### WHAT IS REQUIRED
For this exercise, output exactly and only the lines running from the one with "Frank the Owner" through the final line of the data below, without pictures.

### SUPPLIED DATA

***

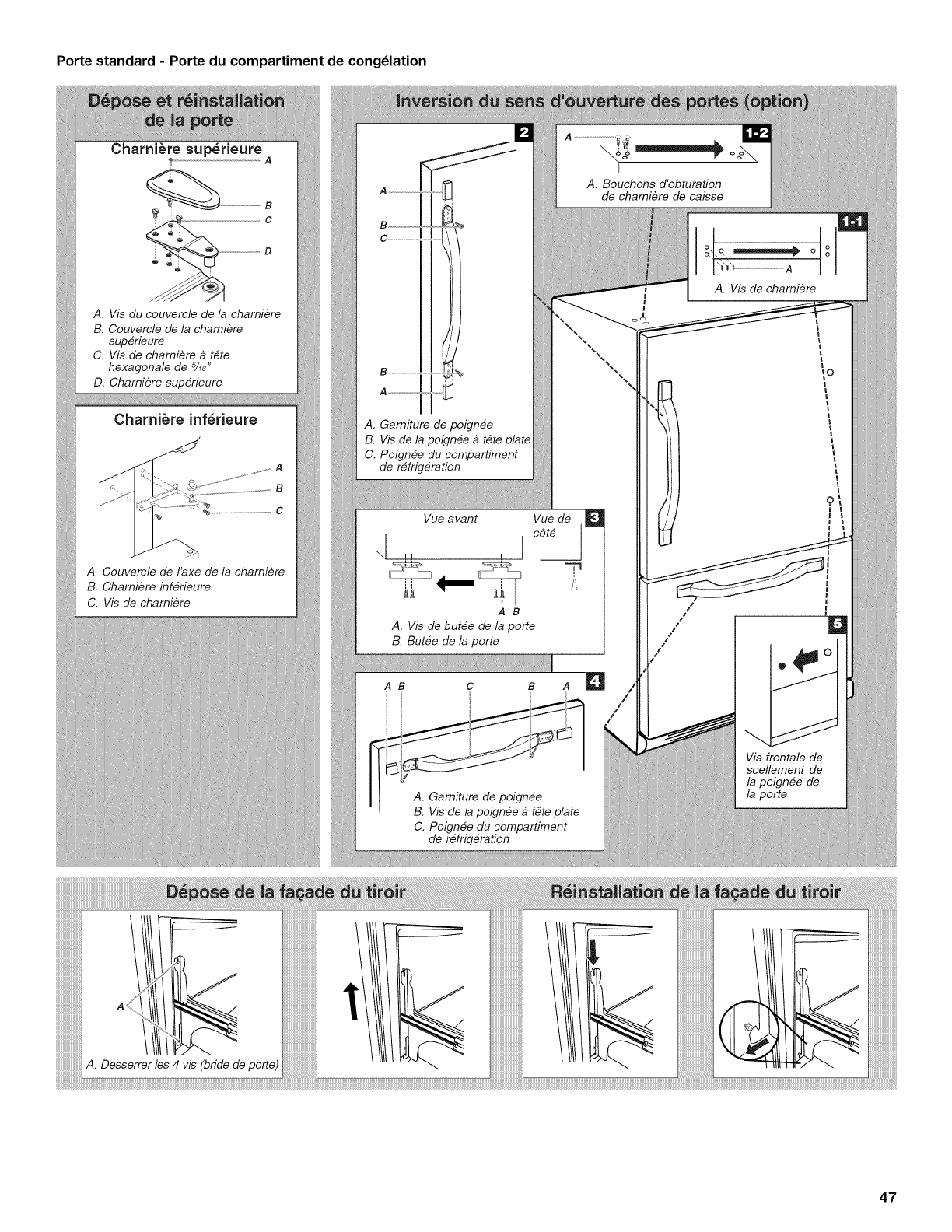 5. Les defauts apparents, notamment les eraflures, les bosses, fissures ou tout autre dommage au fini du gros appareil menager, h
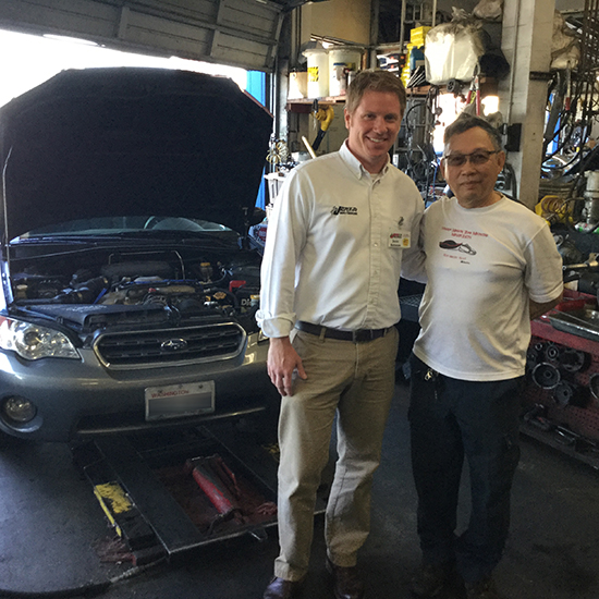 Frank the Owner of Lioe’s Automotive Service and I discussing Subaru engine updates and building processes at his shop in Seattle, WA.
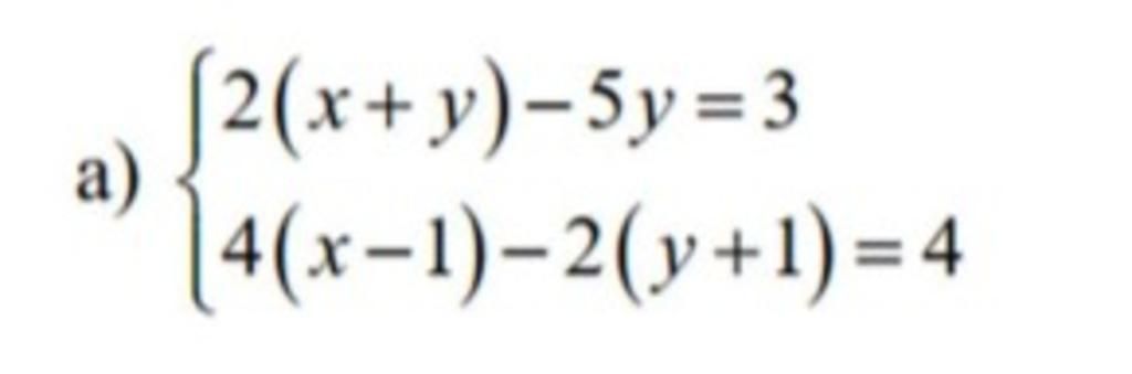`{(2(x + y) - 5y = 3),(4(x - 1) -2(y + 1) = 4):}`

***

### EXPECTED ANSWER
 Frank the Owner of Lioe’s Automotive Service and I discussing Subaru engine updates and building processes at his shop in Seattle, WA.
`{(2(x + y) - 5y = 3),(4(x - 1) -2(y + 1) = 4):}`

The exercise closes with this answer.